At present, methods for determining heavy metal thresholds in farmland soil mainly consider the total amount of heavy metals as evaluation standards. However, the total amount of heavy metals cannot fully represent the actual toxic effects on crops and humans. The pH, organic matter content, and other factors should be considered for the derivation of heavy metal thresholds, and this requires research innovations. Therefore, the construction of new derivation methods for thresholds based on the bioavailable state of heavy metals in the soil may be an important development direction.
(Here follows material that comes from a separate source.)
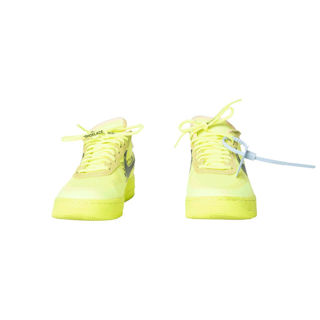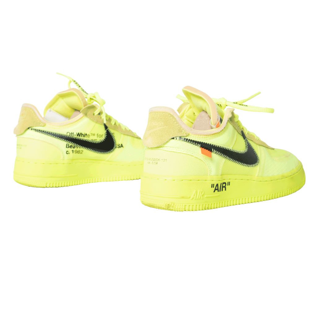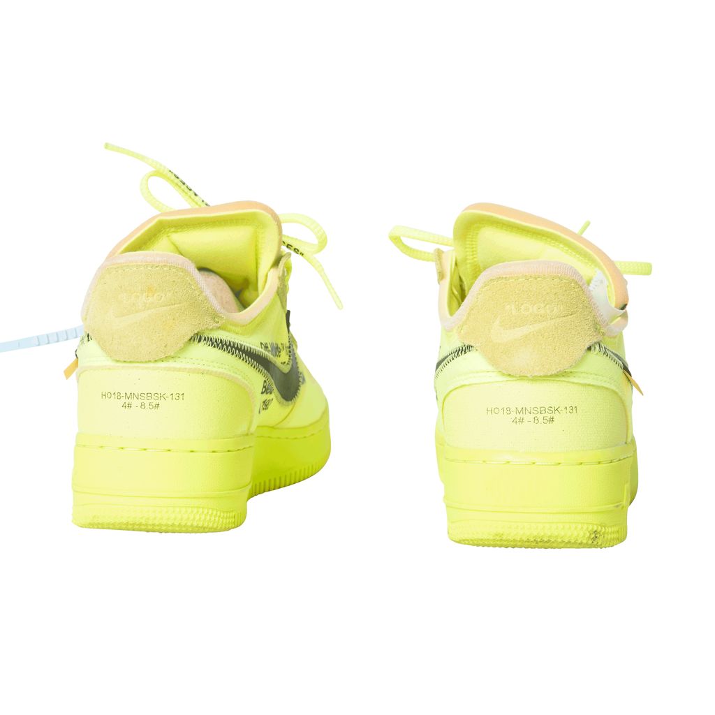 Nike x Off White Air Force 1 “Volt” is gently worn.
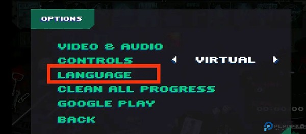 1、刚进去时候,是英文的,别担心,先点杀通过训练关卡,正式进入第一关后,点击右上角菜单。

4.4.4. Establishment of Soil Environmental Benchmarks

Soil environmental benchmarks based on heavy metal thresholds can scientifically reflect the risk of heavy metal contamination in soil on related receptors. They can guide the formulation of soil environmental quality standards and subsequent pollution risk assessment. However, the current soil environmental benchmarks in many countries are hard to meet; therefore, there is a need to scientifically formulate soil environmental quality standards. For example, heavy metal threshold values based on different pH levels and land-use types were established in the China’s current farmland soil environmental quality standard (GB15618-2018). This standard can be beneficial to determine different farmland soil pollution levels preliminarily. However, this standard did not take into account other factors influencing heavy metal thresholds, such as soil types, soil physical and chemical properties (such as redox potential, soil organic matter, and ionic strength), and crop varieties. As a result, it may cause risk assessment results to deviate from reality, which can lead to “overprotection” or to “inadequate protection” in relation to soil environmental quality safety. Therefore, establishing more scientific and rational soil environmental benchmarks regarding heavy metal thresholds in soil may be important research direction.

5. Conclusions

Based on a big data analysis of 1106 studies, the following results on heavy metal thresholds in soils were obtained: (1) Environmental Sciences and Ecology, Agriculture, and Engineering were the three main disciplines concerned with heavy metal threshold research. (2) Journals, countries and institutions with the highest number of articles published were identified, and the development and evolution of these studies during the two decades were demonstrated. (3) Systematical analysis of external influencing factors (such as heavy metal levels in soil, soil pH, redox potential, soil organic matter, and ionic strength) and internal factors (e.g., crop genotype), of derivation methods (such as point model, probability model, and empirical model), and of application aspects of heavy metal threshold studies from 2001 to 2020 was carried out. (4) Challenges and future prospects of heavy metal threshold studies were proposed, indicating that research should focus on the relationships between human health risks and the established thresholds of heavy metals in soil, the derivation of thresholds based on the bioavailability of heavy metals and long-term field trials, and the establishment of more scientific and rational soil environmental benchmarks.